Warum nicht gleich in PHP? Gibt ne super Klasse von Dennis Wronka in der Tutorials-Sektion für das Filelisting.


----------



## Dirk99 (11. August 2006)

@deepthroat
Danke, werde ich mal testen.

@schoko
Ganz einfach. Wie oben erwähnt soll das ganze auf nem lokalen PC laufen. Da gibt es meist kein php.


----------



## Dirk99 (11. August 2006)

Das klappt ja ganz gut! Jetzt kann ich aus einem festen Verzeichnis alle Dateien auslesen und auf eine Website auf meinem lokalen Rechner anzeigen lassen.
Aber was, wenn ich die Dateien in einem Unterverzeichnis relativ zu der html-Datei auslesen möchte? Wie kann ich das Verzeichnis ermitteln, in dem die html-Datei liegt?
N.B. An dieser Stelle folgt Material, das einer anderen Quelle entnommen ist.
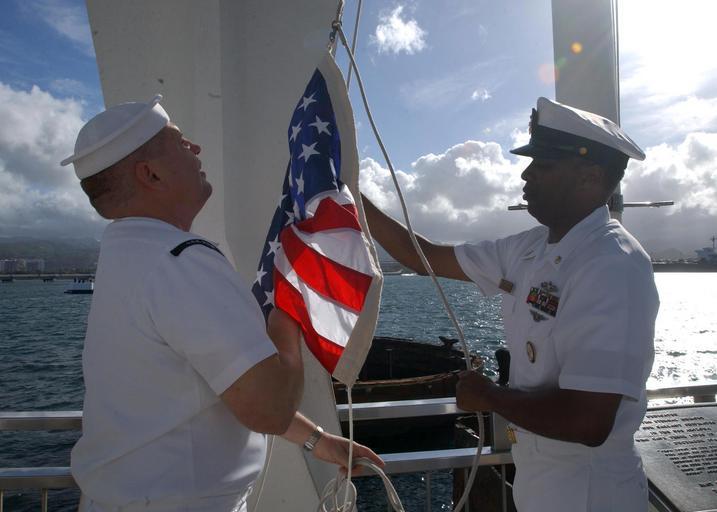 Keywords: US Navy 050907-N-5914D-002 Navy Counselor 1st Class Randy L. Schiller and Senior Chief Navy Counselor George A. Keels perform a ceremonial flag raising.jpg en Pearl Harbor Hawaii Sept 7 2005 - Navy Counselor 1st Class Randy L Schiller and Senior Chief Navy Counselor George A Keels both assigned to the amphibious assault ship USS Boxer LHD 4 perform a ceremonial flag raising during a visit to the USS Arizona Memorial in Pearl Harbor Hawaii Boxer which recently completed a series of exercises in the Western Pacific and Southeast Asian region is on her way back to her homeport of San Diego U S Navy photo by Airman Noel Danseco RELEASED 2005-09-07 050907-N-5914D-002 Navy http //www navy mil/view_image asp id 28056 U S Navy photo by Airman Noel Danseco PD-USGov-Military-Navy USS Arizona Memorial Navy Counselor Military people with a flag of the United States Flag hoisting |

So sagen wie:
fso.GetAbsolutePathName("")
oder
Set WshShell = CreateObject("WScript.Shell")
document.write WshShell.CurrentDirectory
geben mir nur den Pfad zum Desktop aus.
Gibt es da eine Möglichkeit?

Grüße
Dirk


----------



## deepthroat (11. August 2006)

document.URL enthält die URL der aktuellen Datei. Da kannst du ja die einzelnen Teile auseinanderteilen.

Die URL mußt du mit unescape behandeln damit Sonderzeichen wieder zurückgewandelt werden.

Gruß


----------



## Dirk99 (12. August 2006)

Super! Das klappt vorzüglich!

Vielen Dank für die Hilfe!

Grüße
Dirk


----------